What is being asked >> Drop all pictures and repeat exactly the lines from the line holding "- 두 복소수 \(c_1=a_1+ib_1\)와" through the end of the records.

Dataset records >>
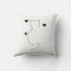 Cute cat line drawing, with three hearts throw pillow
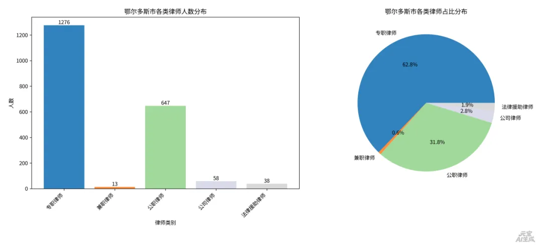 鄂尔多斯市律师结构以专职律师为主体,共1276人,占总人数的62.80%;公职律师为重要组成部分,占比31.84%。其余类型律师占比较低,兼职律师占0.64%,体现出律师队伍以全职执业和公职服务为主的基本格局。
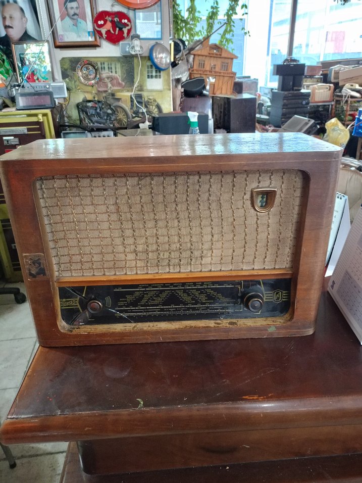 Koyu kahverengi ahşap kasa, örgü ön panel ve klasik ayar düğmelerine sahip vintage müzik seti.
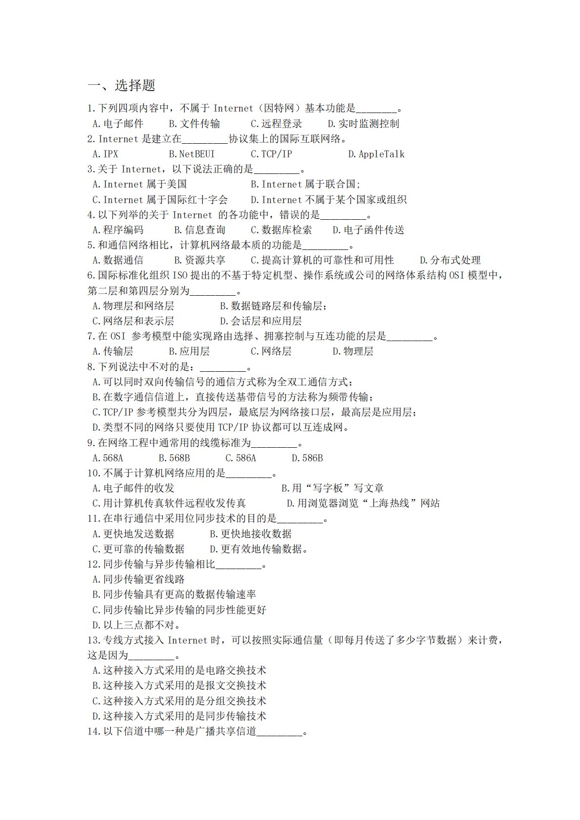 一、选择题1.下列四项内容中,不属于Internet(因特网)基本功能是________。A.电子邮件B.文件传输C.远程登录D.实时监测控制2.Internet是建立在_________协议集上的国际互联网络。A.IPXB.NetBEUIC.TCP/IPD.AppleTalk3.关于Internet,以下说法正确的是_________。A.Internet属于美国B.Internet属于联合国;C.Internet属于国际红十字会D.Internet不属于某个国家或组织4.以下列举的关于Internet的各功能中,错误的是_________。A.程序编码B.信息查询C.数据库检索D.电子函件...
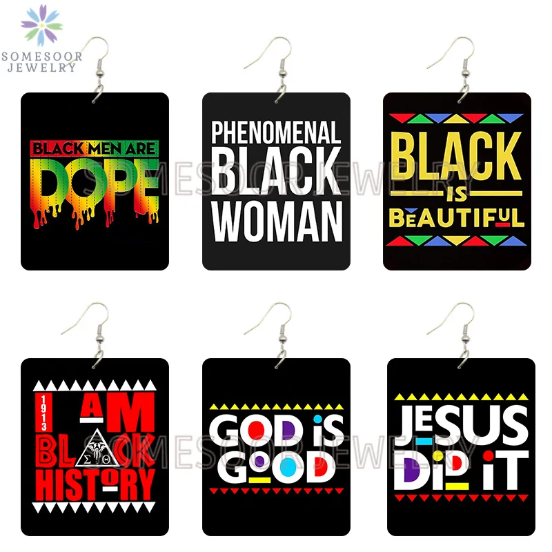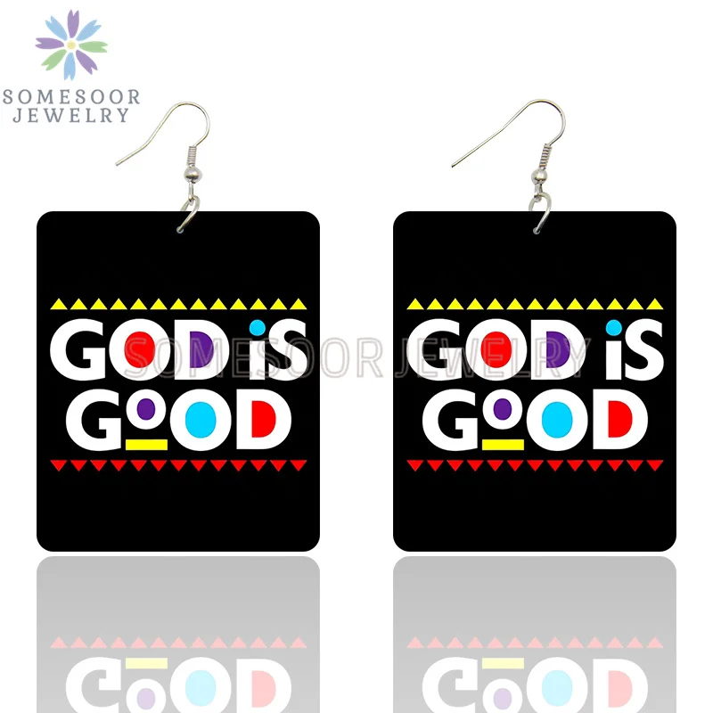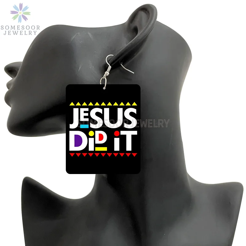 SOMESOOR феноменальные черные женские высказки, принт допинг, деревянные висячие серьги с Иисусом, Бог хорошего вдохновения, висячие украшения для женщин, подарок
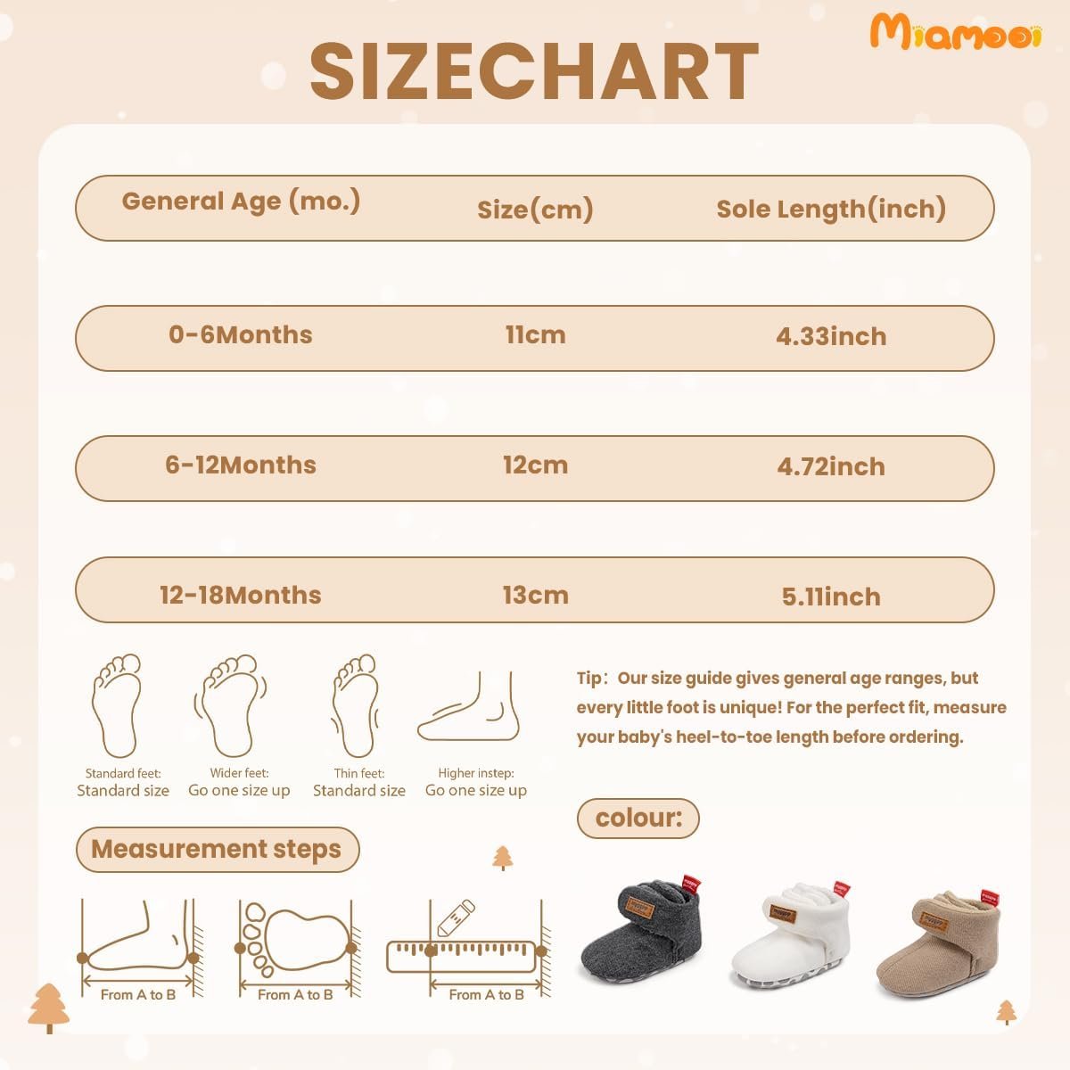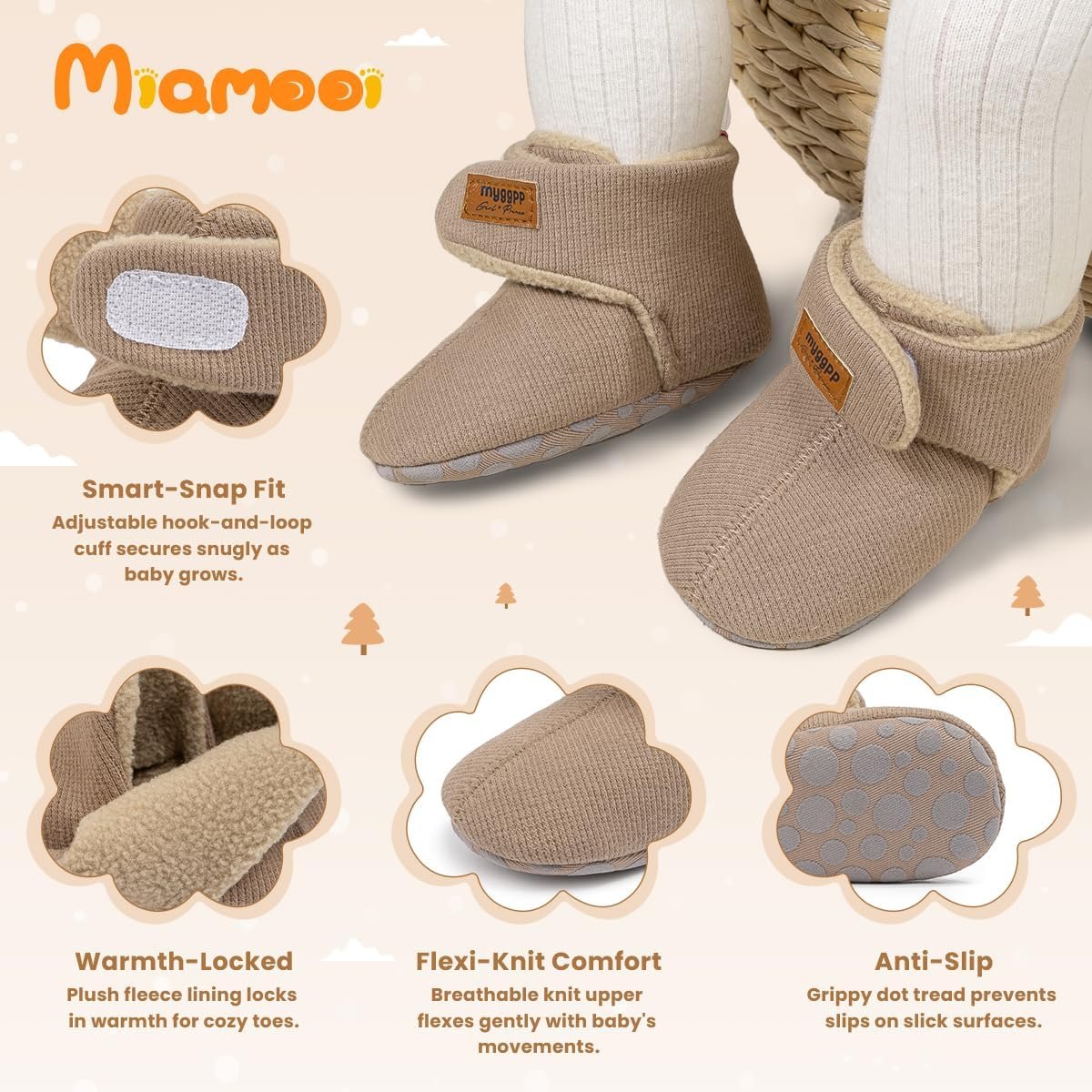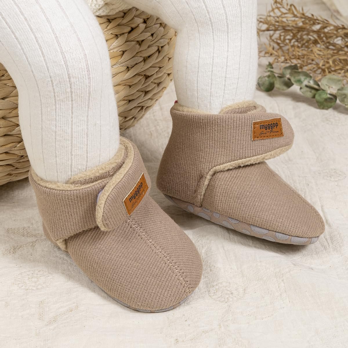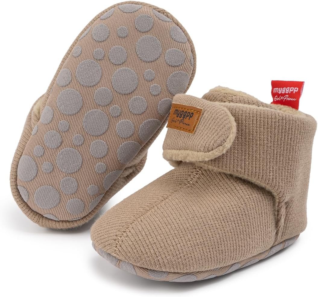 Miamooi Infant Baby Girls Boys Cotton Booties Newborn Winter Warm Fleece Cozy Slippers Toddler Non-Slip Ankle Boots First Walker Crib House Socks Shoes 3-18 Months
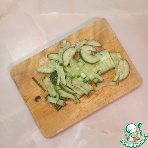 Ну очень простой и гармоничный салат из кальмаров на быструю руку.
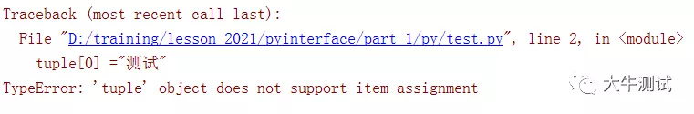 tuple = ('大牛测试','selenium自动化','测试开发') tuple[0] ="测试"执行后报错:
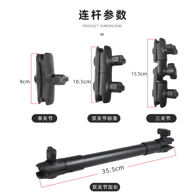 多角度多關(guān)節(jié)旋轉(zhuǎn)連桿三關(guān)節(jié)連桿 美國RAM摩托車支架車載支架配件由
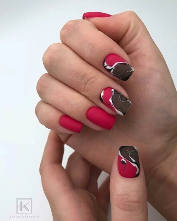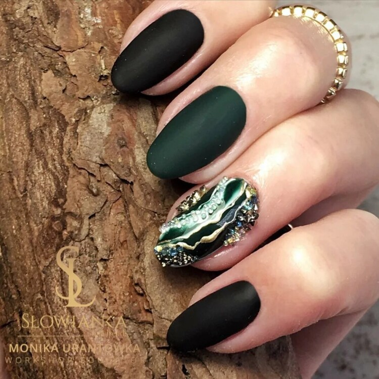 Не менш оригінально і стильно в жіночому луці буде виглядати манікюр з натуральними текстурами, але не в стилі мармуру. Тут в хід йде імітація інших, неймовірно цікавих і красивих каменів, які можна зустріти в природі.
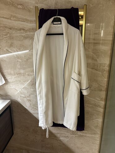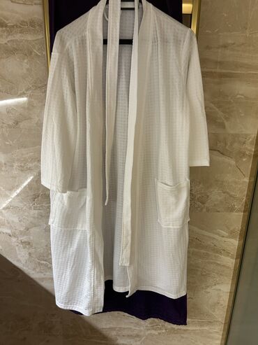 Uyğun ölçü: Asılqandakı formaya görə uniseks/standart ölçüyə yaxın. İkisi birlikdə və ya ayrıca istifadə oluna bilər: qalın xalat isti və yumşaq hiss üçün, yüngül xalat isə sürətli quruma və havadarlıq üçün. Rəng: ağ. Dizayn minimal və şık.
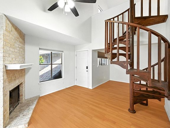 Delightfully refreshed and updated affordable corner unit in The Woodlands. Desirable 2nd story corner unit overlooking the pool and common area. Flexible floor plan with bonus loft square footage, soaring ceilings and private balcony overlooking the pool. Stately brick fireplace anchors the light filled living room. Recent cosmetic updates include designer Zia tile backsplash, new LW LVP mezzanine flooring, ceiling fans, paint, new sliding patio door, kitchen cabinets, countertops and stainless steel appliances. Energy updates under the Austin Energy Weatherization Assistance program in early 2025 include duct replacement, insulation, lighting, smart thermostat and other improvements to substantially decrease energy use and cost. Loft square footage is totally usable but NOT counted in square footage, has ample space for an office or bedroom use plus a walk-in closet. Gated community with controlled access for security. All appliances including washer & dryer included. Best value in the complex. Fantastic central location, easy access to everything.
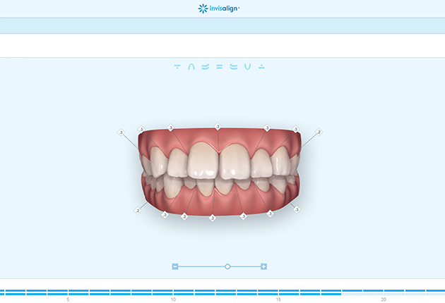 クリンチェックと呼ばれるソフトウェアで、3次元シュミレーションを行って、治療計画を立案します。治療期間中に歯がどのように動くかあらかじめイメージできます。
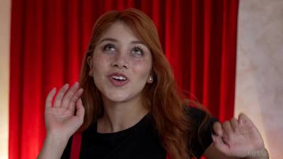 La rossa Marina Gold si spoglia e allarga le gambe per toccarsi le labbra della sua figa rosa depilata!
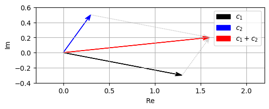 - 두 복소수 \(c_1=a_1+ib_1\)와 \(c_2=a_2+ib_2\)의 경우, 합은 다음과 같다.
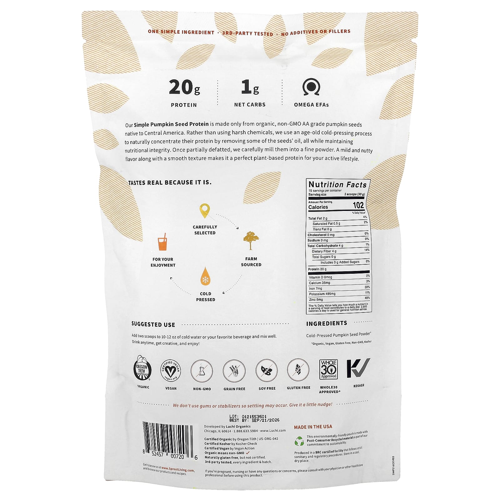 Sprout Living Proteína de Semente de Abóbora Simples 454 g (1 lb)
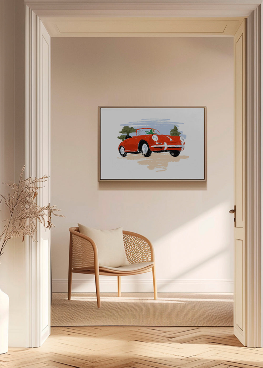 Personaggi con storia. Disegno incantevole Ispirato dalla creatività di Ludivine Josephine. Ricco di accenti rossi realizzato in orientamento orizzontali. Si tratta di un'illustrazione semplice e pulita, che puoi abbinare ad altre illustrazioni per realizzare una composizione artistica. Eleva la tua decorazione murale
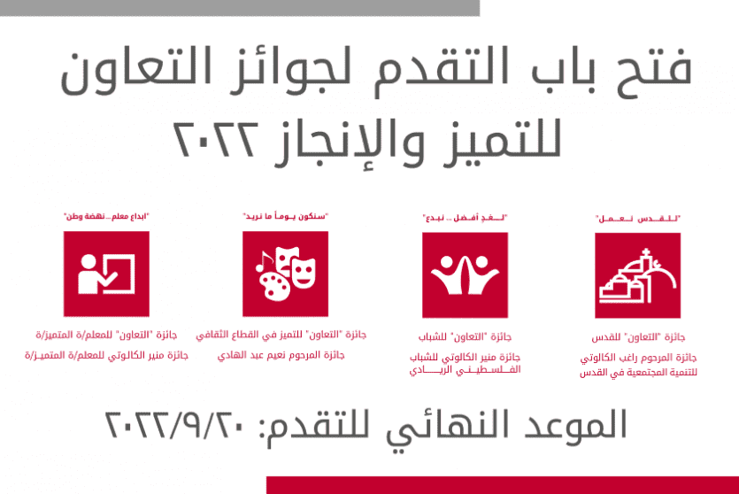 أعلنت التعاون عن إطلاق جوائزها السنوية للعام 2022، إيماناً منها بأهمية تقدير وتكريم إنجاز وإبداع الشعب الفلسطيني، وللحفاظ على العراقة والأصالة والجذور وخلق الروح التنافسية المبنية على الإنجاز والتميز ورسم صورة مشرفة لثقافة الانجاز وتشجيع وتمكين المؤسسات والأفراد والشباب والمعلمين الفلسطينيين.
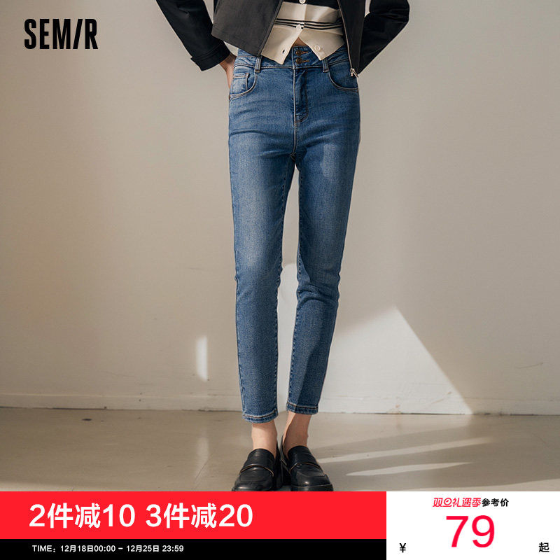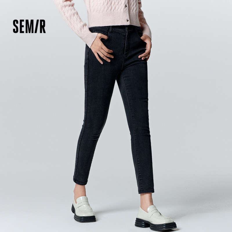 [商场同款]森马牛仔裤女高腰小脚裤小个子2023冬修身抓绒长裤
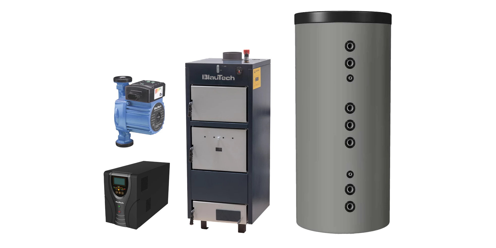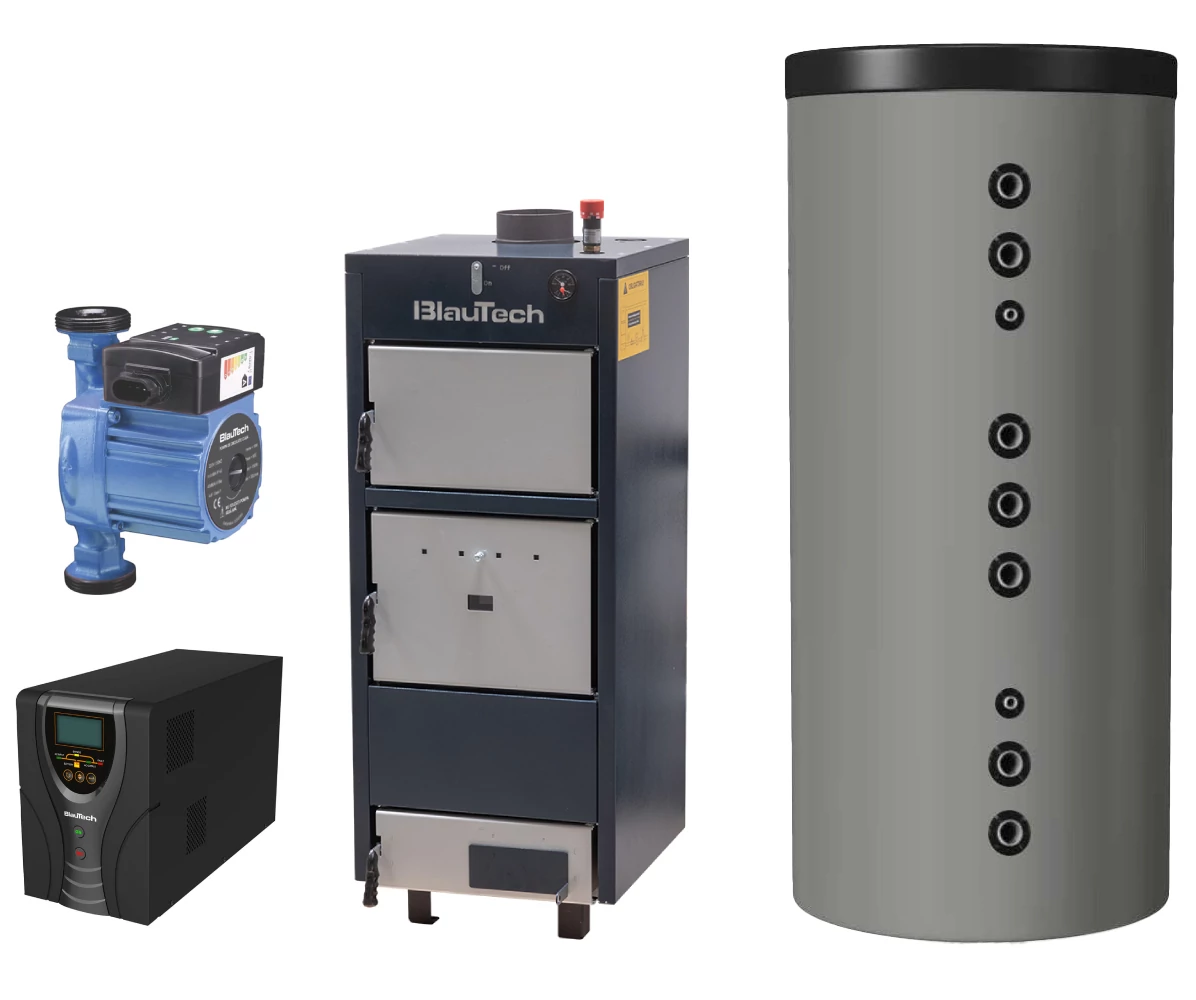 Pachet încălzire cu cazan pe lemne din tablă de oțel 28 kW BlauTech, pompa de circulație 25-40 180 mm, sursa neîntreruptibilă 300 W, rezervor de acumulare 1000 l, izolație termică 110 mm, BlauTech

Task output >>
 - 두 복소수 \(c_1=a_1+ib_1\)와 \(c_2=a_2+ib_2\)의 경우, 합은 다음과 같다.
 Sprout Living Proteína de Semente de Abóbora Simples 454 g (1 lb)
 Personaggi con storia. Disegno incantevole Ispirato dalla creatività di Ludivine Josephine. Ricco di accenti rossi realizzato in orientamento orizzontali. Si tratta di un'illustrazione semplice e pulita, che puoi abbinare ad altre illustrazioni per realizzare una composizione artistica. Eleva la tua decorazione murale
 أعلنت التعاون عن إطلاق جوائزها السنوية للعام 2022، إيماناً منها بأهمية تقدير وتكريم إنجاز وإبداع الشعب الفلسطيني، وللحفاظ على العراقة والأصالة والجذور وخلق الروح التنافسية المبنية على الإنجاز والتميز ورسم صورة مشرفة لثقافة الانجاز وتشجيع وتمكين المؤسسات والأفراد والشباب والمعلمين الفلسطينيين.
 [商场同款]森马牛仔裤女高腰小脚裤小个子2023冬修身抓绒长裤
 Pachet încălzire cu cazan pe lemne din tablă de oțel 28 kW BlauTech, pompa de circulație 25-40 180 mm, sursa neîntreruptibilă 300 W, rezervor de acumulare 1000 l, izolație termică 110 mm, BlauTech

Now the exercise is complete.